Mumsnet invented a feminism that is rooted in female experience. Honest.

74 replies

FloralBunting · 04/09/2021 22:18

So, I know you are all hyper-privileged white middle class women who really only know suffering through what to say when the Au Pair doesn't load the dishwasher correctly etc. But I thought you might be amused by this dillock writing a thread on the potted history of how Mumsnet managed to warp all your brains into thinking feminism wasn't about promoting porn and being a #BossBabe.

twitter.com/RodentWild/status/1434087672105025538

I particularly enjoy the tweet at the end of the thread pointing out that some of us used to be in patriarchal 'submissive wife' cults ( That'll be me, duckies, owned it, speak out against it at every opportunity, what are you doing to counter the abuse of women, tweeter? Oh, you're attacking women for being mothers and getting retweeted by Roz Kaveney. )

Still, I did enjoy being called an 'Mn prominent t*rf'

OP posts:
334bu · 04/09/2021 22:33

Is that Teddy of the " literal violets"?

Aparallaxia · 04/09/2021 22:38

'it wasn't much leap to adopting the belief their oppression (and that of all women) was rooted in their reproductive function.'

But you say this like it's a bad thing!

NotTerfNorCis · 04/09/2021 22:42

when BIPOC and disabled women started to challenge their new found beliefs

Got to this point. When did 'black, indigenous, and other people of color', along with disabled women, start 'challenging the new found beliefs' of the majority here? And how did that lead towards gender critical feminism? Must have been before my time. I joined Mumsnet in early 2017 because it allowed genderism to be debated - while censorship was fierce almost everywhere else.

Leafstamp · 04/09/2021 22:44

But late for me to write anything coherent but he seems to be saying a lot on MNetters first experience of sexism often relates to pregnancy/being a mother etc.

  1. No shit Sherlock
  2. That’s a problem because....?

He also seems to saying you can’t be a proper feminist if you haven’t read the ‘right’ books?
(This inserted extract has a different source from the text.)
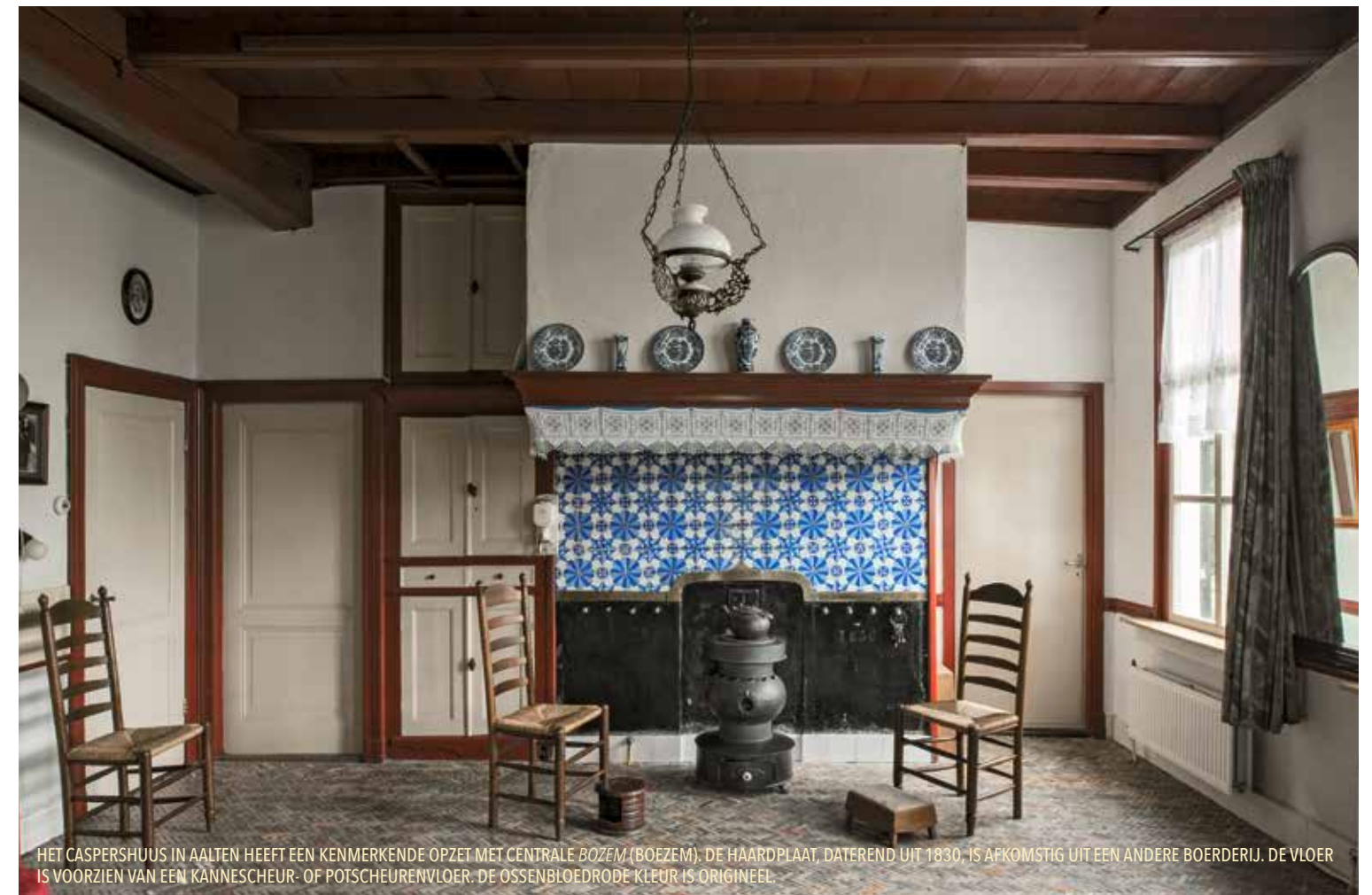
HET CASPERSHUIS IN AALTEN HEEFT EEN KENMERKENDE OPZET MET CENTRALE BOEZEM (BOEZEM). DE HAARDPLAAT, DATEREND UIT 1830, IS AFKOMSTIG UIT EEN ANDERE BOERDERIJ. DE VLOER IS VOORZIEN VAN EEN KANNESCHEUR- OF POTSCHURENVLOER. DE OSSENBLOEDRODE KLEUR IS ORIGINEEL.

Leafstamp · 04/09/2021 22:45

Cross post with @Aparallaxia

AnyOldPrion · 04/09/2021 22:45

The whole exchange, from the SNP woman at the start is bizarre. They appear to be living in an alternate universe. I look at the images of the women protesting and see… a range of ordinary women.

Oh and the whole “they welcomed/defended fascists, because there were three odd men standing on the other side of the road, who obviously had nothing at all to do with women’s rights? Presumably they were as much a part of the women’s group as the anti-women counter protesters and equally welcome. Indeed, had they joined the anti-women protesters it wouldn’t be too much of a surprise, given the rhetoric where they want to abolish prisons and police and are generally anti-establishment.

It’s so odd that we are both terribly conservative with a small c and fascists at the same time. It’s almost as if some anti-woman activists will use any smear to hand.

Leafstamp · 04/09/2021 22:47

It’s almost as if some anti-woman activists will use any smear to hand.

Oh yes, that’s the modus operandi IMO.

underneaththeash · 04/09/2021 22:59

@FloralBunting that doesn’t even make sense - maybe post in the morning.

BlackForestCake · 04/09/2021 23:08

334bu Yes that's Teddy the fantasist who lies about what happens at SNP branch meetings and is scared of purple.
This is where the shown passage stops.